The existence of DPP bias has meaningful consequences for both LLM research and real-world deployment:

  • Prompt engineering and evaluation: Designers must recognize that demo position is not an ancillary detail but a critical control variable. Evaluation pipelines should report performance under multiple demo configurations, or incorporate A_metric and A_pred as standard metrics.
  • Calibration and stability: In safety-critical settings (e.g., medical QA, legal summarization), the discovery that >30% of predictions can flip with demo relocation mandates robust calibration or position-invariant mechanisms.
  • Potential mitigation approaches:
    • Test-time calibration: Retrieval-based selection of optimal demo positions for each instance or class.
    • Position-agnostic fine-tuning: Post-training on datasets with randomly assigned demo slotting could encourage position-invariant representation.
    • Automated prompt composition: Integrating demo content and position optimization (potentially via gradient-based or RL approaches).

Mitigation remains an open problem—no universal demo configuration outperforms all others, and both prompt structure and model scale modulate DPP effects.

5. Relationship to Theoretical and Architectural Biases

DPP bias is underpinned by the sequential, autoregressive nature of LLMs (Cobbina et al., 30 Jul 2025). The primacy bias, inductive representations of early context, and the learned conventions of training corpora (where system/user formatting often puts instructive content at the top) all contribute to the heightened stability of early demos.

No evidence was found that placing demos at the end (eum) yields any generalization benefit; on the contrary, this configuration systematically increases prediction volatility without boosting correctness.

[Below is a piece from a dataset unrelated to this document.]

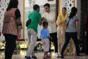 Wali Kota Solo Gibran Rakabuming Raka (ketiga kanan) beserta istri Selvi Ananda (kedua kanan) menyalami warga saat acara Open House Wali Kota di Loji Gandrung, Solo, Jawa Tengah, Rabu (10/4/2024). Wali Kota Solo Gibran Rakabuming Raka menggelar open house terakhir sebagai Wali Kota pada perayaan Idul Fitri 1445 H yang dihadiri ribuan warga. ANTARA FOTO/Mohammad Ayudha/pras.

For a more formalized understanding, the DPP effect is a product of the transformer’s context accumulation: induction heads and internal attention layers overweight the earliest tokens, leading to a model-wide encoding pattern with positional inertia. This is aligned with similar findings in position bias for extractive QA and other prompt-tuned settings (Ko et al., 2020, Yang et al., 2023, Mao et al., 2023).

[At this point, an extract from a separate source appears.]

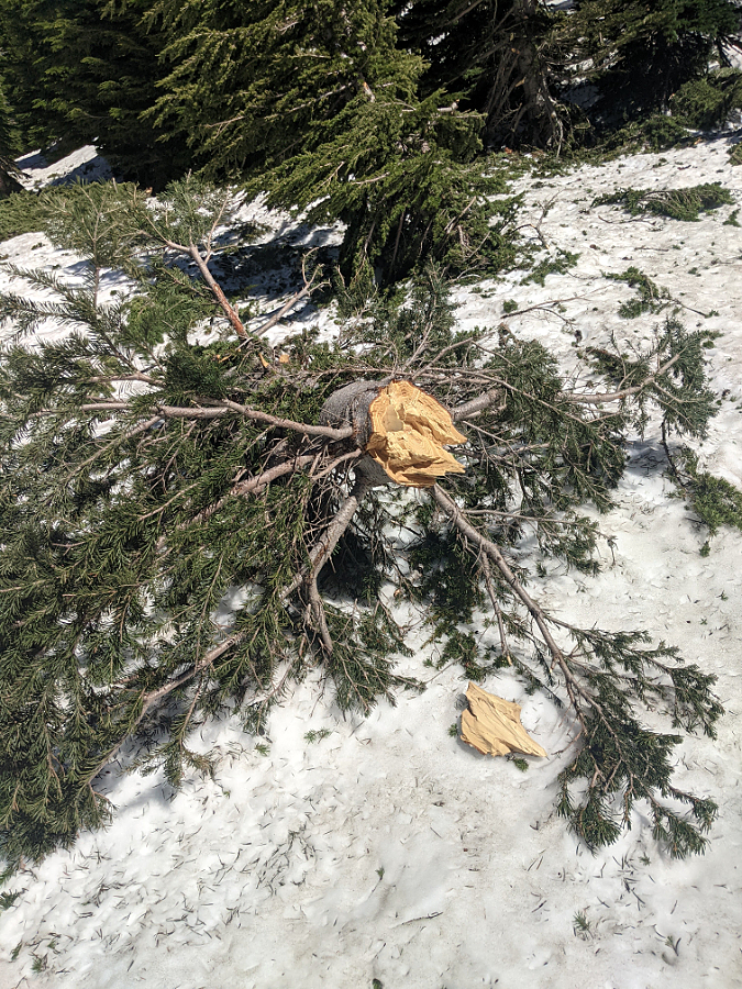 This hiker set their poop bag on a stump, presumably to help remember it on the way out?

6. Future Directions and Research Recommendations

Several directions are proposed for further research:

  • Mechanistic interpretability: Disentangling the contributions of induction heads, positional encodings, and transformer block depth to DPP bias.
  • Automated cross-position validation: Development of test-time routines or pipelines for systematically evaluating positional robustness.
  • Post-training or instruction tuning: Random permutation of demo blocks during fine-tuning stages to facilitate inherent model invariance to demo placement.
  • Joint optimization: Searching over content and structure to minimize A_pred and maximize A_metric, potentially leveraging differentiable search or meta-learning methods.
  • Task and corpus diversity: Expanding evaluation to new architectures, languages, and complex multi-turn dialogues to further map the DPP bias landscape.

7. Conclusion

DEMOS' POSITION IN PROMPT (DPP) Bias constitutes a demonstrable and quantifiable positional sensitivity in LLMs, with the spatial arrangement of ICL demonstrations exerting a substantial effect on both accuracy and prediction volatility. The bias is especially pronounced in smaller models and classification tasks, but no current open-source model is entirely immune. Awareness of DPP bias is essential for prompt engineering, benchmarking, and stable LLM deployment in both research and production. Comprehensive evaluation pipelines and future mitigation strategies should treat prompt position as a first-order factor in ICL, not a superficial formatting choice (Cobbina et al., 30 Jul 2025).